Parents Preventing Childhood Drownings presents Sunday Survival Stories: Rain and Debris

Every Sunday, we will share a story of a non-fatal drowning, discuss where things went wrong, and give some pointers on how to prevent it from happening to the people you love. Thankfully, these stories have happy endings for those involved, but sadly, we lose too many people to drowning every year. We hope examining these real-life stories help put the dangers of water into perspective and help you introduce various principles of water safety to your family!

Today’s story shares a pastime of three good friends in Illinois- watching water for people in need of help.

This story highlights three important factors for choosing a safe place to swim in natural bodies of water.

1- How is the weather? Rain can change water behavior, a lot! With more rain flow comes higher and faster moving water. Swimming holes that may normally appear calm and easy to swim in may now have dangerous red flags- like swift moving water and currents.

2- Is there debris in the water? If you can see a lot of debris (like trees/logs) moving in the water this should be a red flag for potential danger. Debris floating on top of the water can be helpful in determining how quickly the water is moving, but it is also a sign that there is potentially more debris underneath the water.
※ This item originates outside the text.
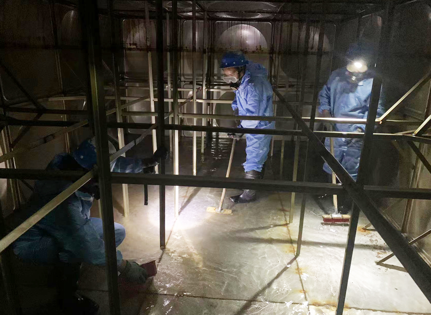 圖:泵房設(shè)備檢修現(xiàn)場 很多人認為日常巡檢就是“走一圈”,殊不知,這看似簡單的工作背后,藏著供水人的別樣匠心,供水“鏈條”環(huán)環(huán)相扣,日常巡檢便是其中重要一環(huán)。一次氣管漏氣被漏檢,可能引起隔膜泵運行不穩(wěn)定;一處隱患點被遺漏,可能導(dǎo)致設(shè)備停運;一組濕度數(shù)據(jù)被忽視,可能造成設(shè)備被濕度過高的空氣銹蝕……類似這樣的巡檢細節(jié)不勝枚舉,因此,著眼于細節(jié)是巡檢員們必備的品質(zhì),及時發(fā)現(xiàn)、分析、解決問題,讓每一臺設(shè)備處于良好的運行狀態(tài),便是維修人員最大的底氣。 錯峰作業(yè),密切配合保水質(zhì) 清水池是水廠成品水的儲存水箱,承擔著調(diào)蓄、穩(wěn)壓、消毒的重要作用,能夠?qū)崿F(xiàn)“高峰多送,低峰多貯”的調(diào)節(jié)功能,因此清水池的“健康”與供水水質(zhì)密切相關(guān)。按前期規(guī)劃部署,公司利用五一假期完成了三棵樹增壓泵站清水池維護清洗任務(wù)。為順利完成清洗任務(wù),制水部、機電設(shè)備部、調(diào)度中心在前期共同制定施工方案,明確各自任務(wù)。清洗現(xiàn)場,制水部與機電設(shè)備部密切配合,清洗過程井然有序,三棵樹增壓泵站清水池維護清洗任務(wù)順利完成為洋河新區(qū)及周邊鄉(xiāng)鎮(zhèn)供水安全提供了堅實的保障。 當夜幕降臨,城市沉靜下來,居民用水量變小之時,正是供水人執(zhí)行特定作業(yè)任務(wù)的最好時機。當面對泵房只有一個水箱進行供水時,水箱清洗員就需要在深夜時進行清洗作業(yè),待排水、通風換氣、清洗、消毒等一系列工作全部完成,水箱清洗員也將迎來黎明前的第一縷陽光。在清水河至蘇州路路段,建管中心、管網(wǎng)部、制水部等幾個部門經(jīng)過十幾天通宵達旦的緊張施工,終于完成了該路段供水管道沖洗工作……

This debris can cause dangerous situations for swimmers/kayakers/boaters etc who suddenly find themselves underwater and caught up and unable to resurface.

3- Have you talked to the locals? Before you swim in a new location you should do some research on the area. Have there been fatal drownings and/or water rescues there before? Talking to family or friends who live near the area may give you a better understanding of the water conditions so you can make the right call on your abilities to swim there. Once there, locals present may be able to point you towards safer areas or recommend better swimming holes based on your groups age and ability.

Natural bodies of water present a different swimming environment every day. Have fun, be safe, and pick the best place to swim!